Friday, June 8, 2012

When you write and contemplate long enough, you find answers you never knew you knew.

Images of Media distort my expectations of life.

Expectations of my body, my relationships, my family; those "big" moments like my sweet sixteen, prom, graduation, high school, college. Media messes with everything.
I'm horrifically skewed compared to society's image. I tower over others at the abnormal female height of six feet. My curly, kinky hair likes to rebel against me daily. Shopping for shoes is not particularly fun. My nose is hideously large. The list goes on and on and on...
My family communicates by yelling at each other. We don't have tender heart-to-heart moments. We piss each other off and eat dinner in our separate rooms. I'm 19 and have yet to have a boyfriend, Let alone go on a date or have my lip virginity taken. My sweet sixteen was spent mostly with family. It instead showed me just how few friends I had. Graduation fizzled in awkwardness after I said goodbye to those few important friends and went home. My first year of college was not spent in a haze of booze and drugs and partying and wild dancing. It was more spent in awkward talks between acquaintances. And trying to figure out how to get my shit together (failing unsuccessfully).

But the one thing that Media truly fucked up was my image of the all-important best friend.

What exactly is a best friend?

Media portrays it to a be the one person who understands you, who will be there for you in your times of need. They are often seen as the person you spent all your childhood with. They just so happen to live a few houses away from you. You see them every single day and converse with them even more frequently. You share your experiences, secrets, fears, hopes, and dreams with them. Your family knows them and accepts them as if they were part of the family. They're that person with whom your bond transcends blood (unless, I guess, your best friend is your twin). You grow together with them. And after number of sleep overs and fights, there comes a certain point when you don't even have to say anything to them to be understood. Just a look will do. A point when your conversations are about stupid, pointless stuff because you feel comfortable around them. Because you trust them with everything that's important to you, including the many random thoughts. You trust and value their opinion. You admire them in a way. That's a best friend in Media's eyes.

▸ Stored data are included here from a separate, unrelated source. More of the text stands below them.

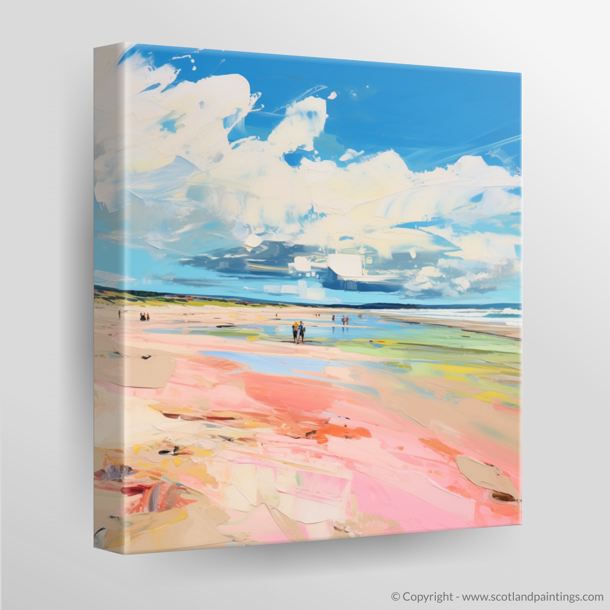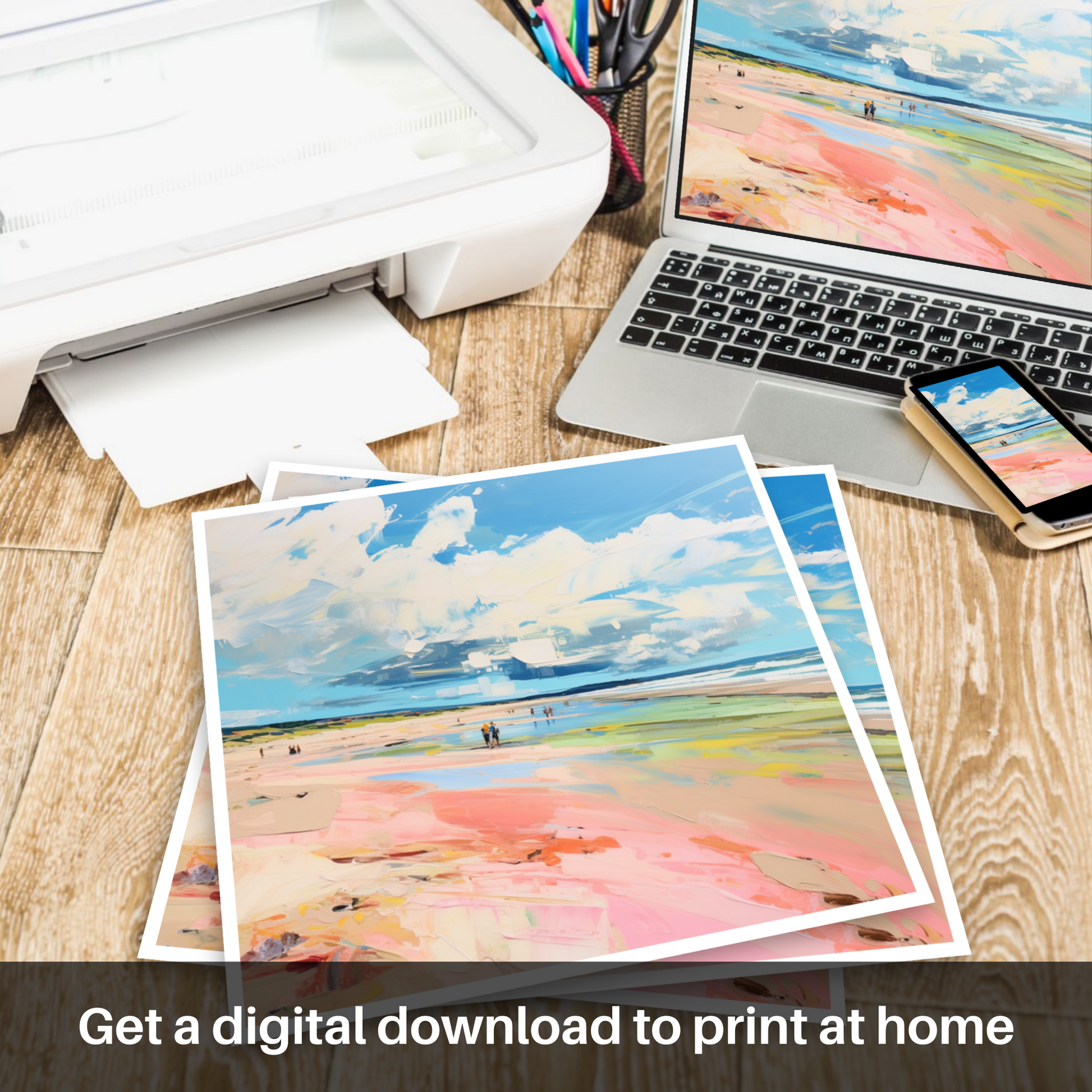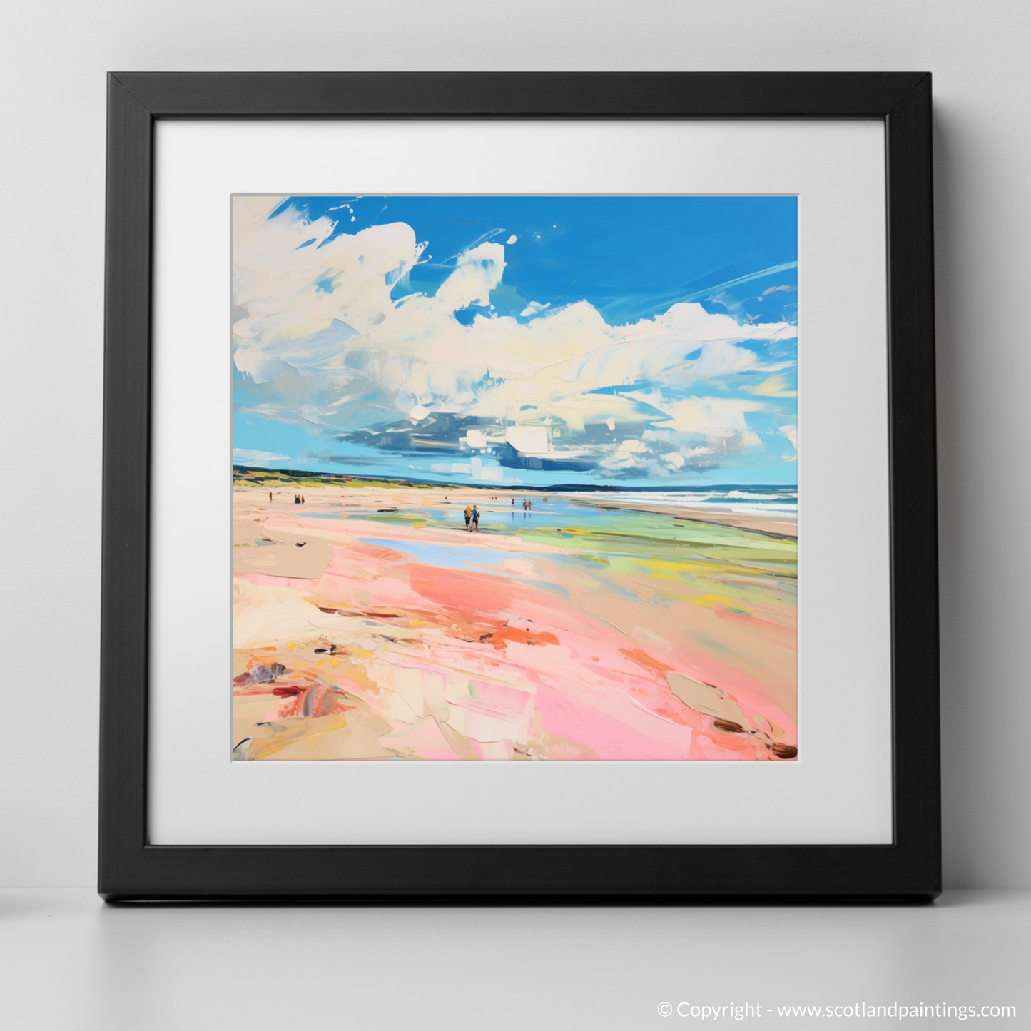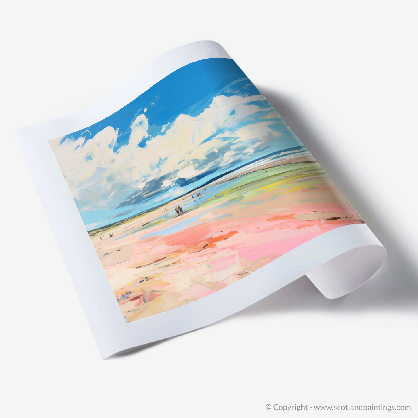 Capturing the quintessence of a Scottish summer, this vibrant print brings to life the tranquil beauty of Longniddry Beach in East Lothian. The artwork, brimming with bold, expressive brushstrokes, embodies a modern style that lends vividness and texture, creating an almost tangible experience. The expansive, azure sky, adorned with an array of dynamic, white clouds, stretches grandly above the serene seascape.
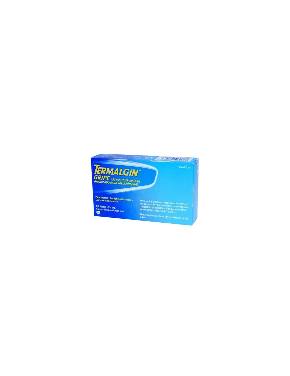 TERMALGIN GRIPE es granulado para solución oral de color blanco o blanco amarillento y sabor a naranja, que se presenta en sobres que se envasan en estuches de cartón con 10 sobres.
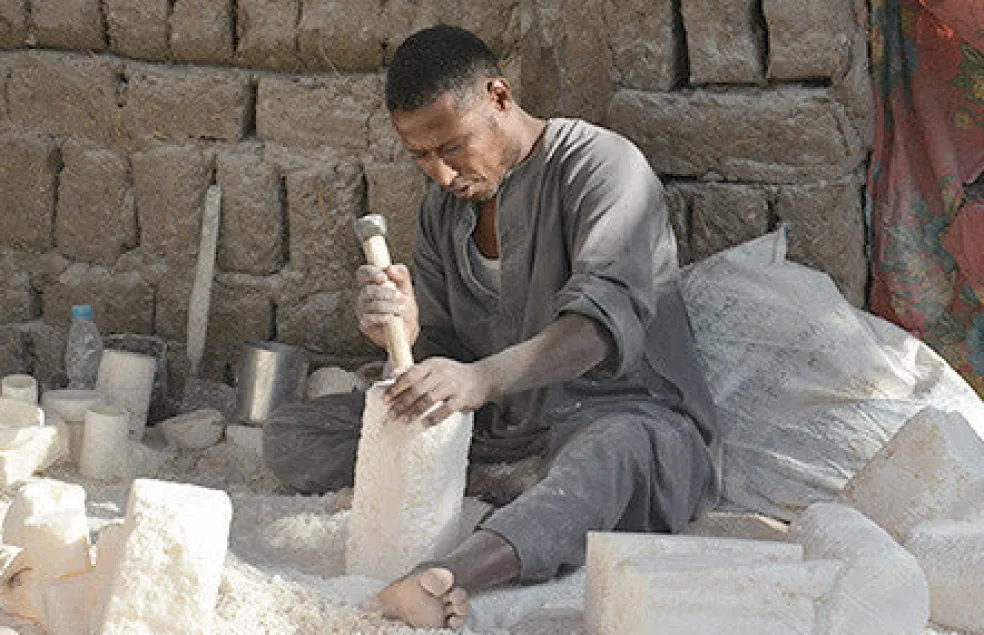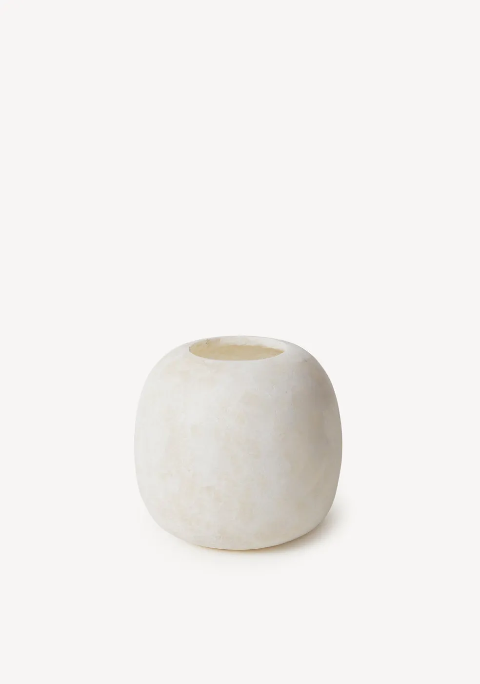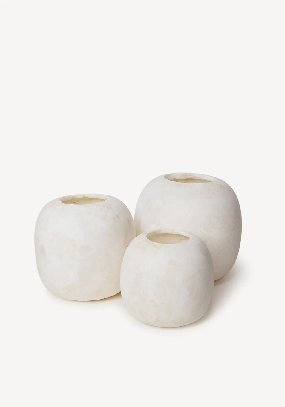 Hand-carved elegant alabaster candleholders in a delightful sphere form, radiate a warm, graceful glow at any time of day via a single tea-light. Rich with earthy minerals, these stone candleholders may slightly cary in color hue, size, and texture. Handmade by Egyptian Artisans and designed in Denmark. Product of Sirocco Living.

And that is why it's marred for me.
I should know not to look to sitcom shows and movies for any ideas about real life, but over years of collected television time the impression of a best friend stuck with me. Sure, some of those things are true (or should be), but not every "best-friendship" is the same.
I'm not really sure how mine works. There are definitely some things that I wish I could change about it. Then I realize that my expectations are way out there. In the end I guess it should be about comfort and trust. And it should go both ways. No part about the relationship should be one-sided.

This gets me thinking about the past and present - and the future too. Essentially doubts and insecurities spawn these thoughts. Because communication has ceased. Actually, now that I think about it, this is pretty much exactly what happened with Blake. Communication stopped, we grew apart, then finally we broke.

Everything connects. One thing happens because of something else. One event creates fear in another similar one. It all makes sense.